To compare post-hepatectomy safety of donors between the CV (n=102) and RD (n=7) groups, we defined initial residual liver dysfunction as peak bilirubin level more than 3 mg/dL or prothrombin time (PT) more than 18 seconds on postoperative Day 5 [19,20]. To compare outcomes between recipients of the CV and RD groups, we measured serial changes in liver function tests of LDLT recipients for 1 month after LDLT. Transplanted liver function was measured by aspartate aminotransferase (AST), alanine aminotransferase (ALT), and peak total bilirubin levels and PT on postoperative Days 1, 3, 7, and 28.

STATISTICAL ANALYSIS:

Quantitative variables were written in mean and standard deviation.

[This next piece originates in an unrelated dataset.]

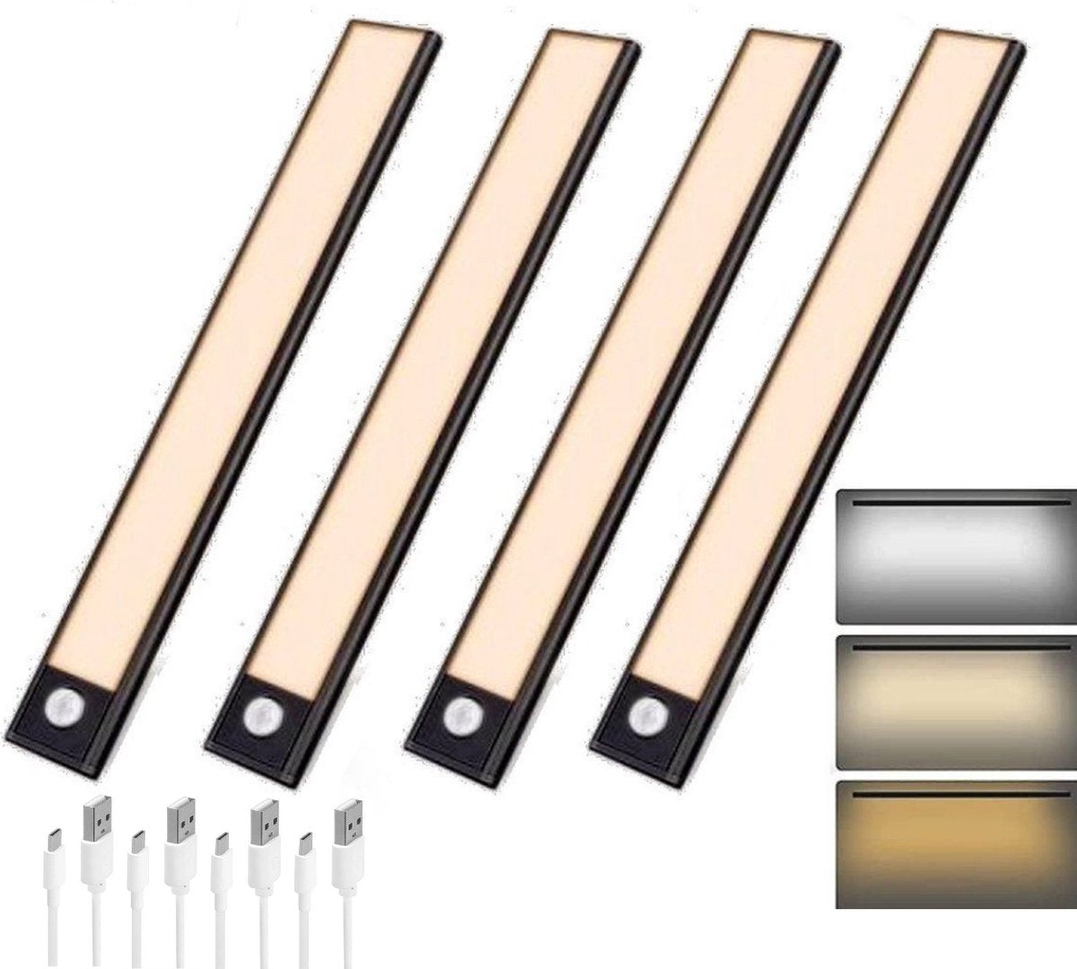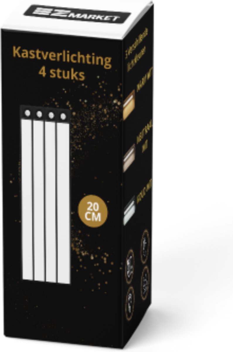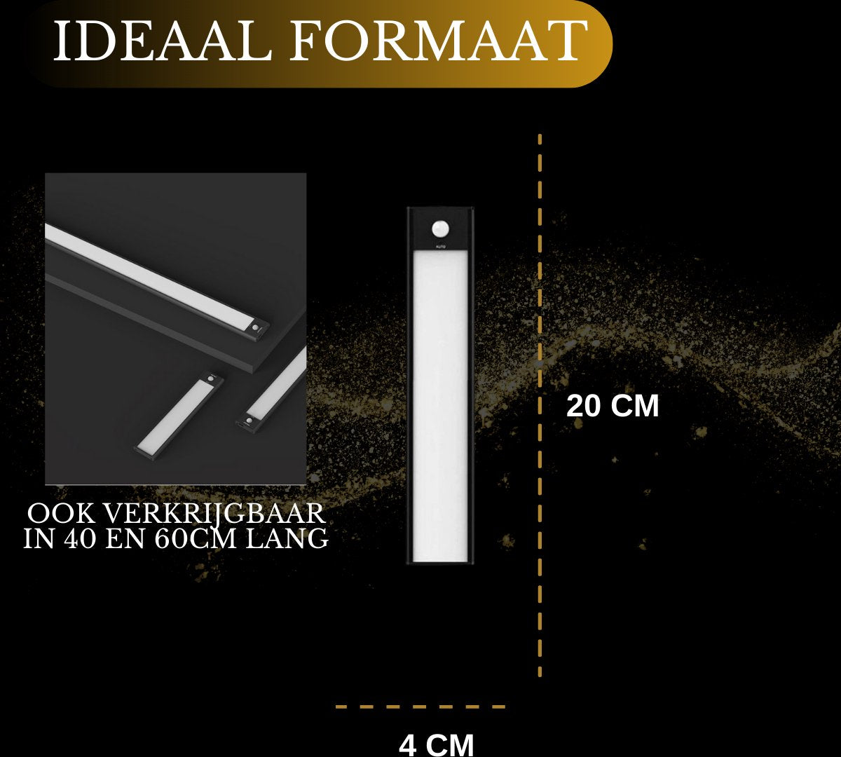Hoogwaardige kwaliteit onderbouwverlichting (Nu in een 4-stuks voordeelpack), speciaal ontworpen voor gebruik in keukens, kasten en vitrines maar ook zeer handig als nachtlampje. In deze luxe onderbouwverlichting zijn 60 led lampjes verwerkt die optimaal licht geven. Deze veelzijdige verlichtingsoplossing van 20 centimeter lang dient ook als betrouwbare trap- en gangverlichting, waardoor het veiliger en sfeervoller wordt. Instelbare Helderheid en Design Met een indrukwekkende helderheid van 180 lumen biedt deze onderbouwverlichting voldoende licht om donkere ruimtes te verlichten. Bovendien is de helderheid volledig aanpasbaar, variërend van een zachte gloed tot helder daglicht, dankzij de dimbaarheid van 0% tot 100%. De onderbouwverlichting is vervaardigd uit hoogwaardig aluminium. Met een slank profiel van slechts 0,8 cm dik voegt het zich naadloos in uw interieur. Verlichting op Maat Kies uit drie verschillende lichtkleuren om de juiste sfeer te creëren voor elke gelegenheid. Met 2700K, 4000K en 6000K kunt u moeiteloos schakelen tussen warme, neutrale en koele verlichting door eenvoudigweg de aan/uit knop ingedrukt te houden. Drie Handige Modi Deze onderbouwverlichting heeft drie handige modi. In de eerste modus brandt de lamp constant, met een gebruiksduur van 6 uur. De tweede modus activeert de bewegingssensor, die bij detectie van beweging binnen 120 graden en 5 meter inschakelt en na 20 seconden zonder beweging weer uitschakelt met een gebruiksduur bij sporadisch gebruik van 30 dagen. De derde modus biedt een snelle uitschakeling. Oplaadbaar en Krachtig U hoeft zich geen zorgen te maken over batterijen, want onze lamp is uitgerust met een krachtige 1500 mAh accu. Met een constante brandtijd van 6 uur en een indrukwekkende standby-tijd van 30 dagen bij sporadisch gebruik, is de verlichting altijd klaar wanneer u deze nodig hebt. Eenvoudige Installatie Montage is een fluitje van een cent. Begin met het verwijderen van de stickers van de clips en bevestig deze stevig op een gladde ondergrond. Vervolgens kunt u de onderbouwverlichting moeiteloos op de clips plaatsen, dankzij het magnetische ontwerp. Geen gedoe met draden of gereedschap! Nederlandse Handleiding Inbegrepen Voor uw gemak wordt een gedetailleerde Nederlandse handleiding meegeleverd, zodat u de verlichting moeiteloos kunt installeren en aanpassen aan uw wensen. Specificaties:

Student’s t-test was utilized to analyze the results of quantitative variables such as change of hepatic steatosis, RLV/BWR, and RLV/s-TLV before and after weight loss. The chi-squared test was applied to analyze categorical variables. Repeated measures analysis of variance (repeated ANOVA) was used to compare changes in serial laboratory results, such as AST, ALT, and total bilirubin levels and PT, in the same recipients. Statistical differences were considered significant when p<0.05. Recipient survival was analyzed by the Kaplan-Meier method. Statistical calculations were performed with PASW statistics, version 20 for Windows (SPSS Inc., Chicago, Illinois, USA).

Results

Clinical features of the CV and RD groups are summarized in Table 1. The mean age of donors (years) was 27.99±9.31 in the CV group and, 32.14±7.31 in the RD group. BMI and steatosis were significantly different between the groups. Before LDLT, there was no statistical difference in the Model for End-Stage Liver Disease (MELD) score and Child-Turcotte-Pugh (CTP) scores between the recipients in the CV and RD groups. From preoperative anesthesiological evaluation, American Society of Anesthesiologists (ASA) classification, we found that the preoperative condition of recipients in both groups was similar. In preoperative evaluation, six patients with BMI >25 kg/m2 and steatosis >30% achieved weight loss of over 5%; their average weight reduction (kg) was from 85.40±8.25 to 76.27±7.56 (p=0.052). The mean value of percentage (%) of weight loss was 10.63±3.77. As body weights changed, BMI also improved from 28.89±2.30 to 26.16±1.63 (p=0.025). After weight reduction, fatty changes during the second biopsy also improved from 40.71±14.56% to 7.87±2.67% (p<0.001), and RD donors were now in a transplantable state (Table 2).

RLV/BWR increased from 0.59±0.15 to 0.65±0.14 (p<0.001), and RLV/sTLV increased from 28.29±7.11 to 30.71±6.36. (p<0.001). Three categories reflect improved safety for donor hepatectomy in the RD group (Table 2).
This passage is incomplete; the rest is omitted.